LOL! I just got an image in my head of Ed Begley Jr and others sitting around a conference table, and some middle-aged, dark haired gentleman saying, "We CAN get more channels on those sats. All we have to do is s-q-u-e-e-z-e them some more so more of them fit. Then, wah-lah - more channels! Now who just saved Q3?" :lol: :lol: :lol:


----------



## Christopher Gould (Jan 14, 2007)

harsh said:


> In the net, the 5LNB dish from DIRECTV will offer more bandwidth after D11 is fully up and running. The DIRECTV capacity at 110W and 119W adds up to less than one slot worth of bandwidth as DISH owns most of the bandwidth at those slots.
> 
> The Dish 1000+ (110W, 118W, 119W, 129W) is probably catching more bandwidth than the Slimline.


D* ka bandwidth(99, 101, 103) 1000 x3 ku(101)500 x1 ku(110, 119)500 x1/2 = 3750

E* ku (110W, 118W, 119W, 129W) 500 x4 = 2000 i'll even add 61..5 thats another 500 = 2500

hardly seems like more on one dish. if you want to add more dishes we con add 250 more for 72.5 plus D* fss at 95


----------



## kal915 (May 7, 2008)

Sixto said:


> No "goal" has been reached yet. The date is 8/1.
> 
> D11 may go "live" prior. If not, E* will have the lead for literally days.
> 
> BTW, the DirecTV "goal" is up to *150* by year-end.

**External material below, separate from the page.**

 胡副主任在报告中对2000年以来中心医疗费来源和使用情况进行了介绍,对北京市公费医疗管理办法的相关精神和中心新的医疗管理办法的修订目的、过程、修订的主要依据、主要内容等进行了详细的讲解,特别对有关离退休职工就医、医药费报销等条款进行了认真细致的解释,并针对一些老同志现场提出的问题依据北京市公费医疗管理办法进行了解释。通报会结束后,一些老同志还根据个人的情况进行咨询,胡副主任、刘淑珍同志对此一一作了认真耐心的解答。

The DirecTV goal last year was 100 HD channels by year-end, and they still havent met it. They probably will get more, but not 150


----------



## Sirshagg (Dec 30, 2006)

kal915 said:


> The DirecTV goal last year was 100 HD channels by year-end, and they still havent met it. They probably will get more, but not 150


Uh, NO!! Their goal was UP TO 100 channels by year-end. They met that on Jan 1 with the old mpeg2 stuff.


----------



## harsh (Jun 15, 2003)

In pursuit of the truth:


Sirshagg said:


> Uh, NO!! Their goal was UP TO 100 channels by year-end. They met that on Jan 1 with the old mpeg2 stuff.

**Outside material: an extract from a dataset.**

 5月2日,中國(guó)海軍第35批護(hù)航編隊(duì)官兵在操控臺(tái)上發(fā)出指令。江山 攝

Any "old MPEG2 stuff" that you refer to is (and has always been) part of the total HD channel count.

The issue was earlier when they didn't use the all important "up to" modifier. The 2007 CES Press Release claimed a "planned launch and carriage of 100 national high-definition (HD) channels". The key word here is "carriage" as opposed to capacity.

According to an account of a Chase Carey CES 2007 speech, there should be over 100. http://www.broadcastingcable.com/article/CA6405434.html

Once they revised their projections to be "up to", they could safely stop at the current <100 count and not have been overly optimistic. I haven't been able to find a press release detailing the "up to" version of the plans. I think it came from a conference call or other financial presentation.


----------



## harsh (Jun 15, 2003)

cartrivision said:


> Unfortunately it's a problem when the whole country doesn't have line of sight to the entirety of that "substantially more satellite bandwidth" and a lot of it is wasted providing redundant feeds for opposite coasts, so your "hyping" of DISH's supposed bandwidth advantage was a less than compelling response to the poster's question of where is DISH going to get the bandwidth for their recently hyped HD expansion.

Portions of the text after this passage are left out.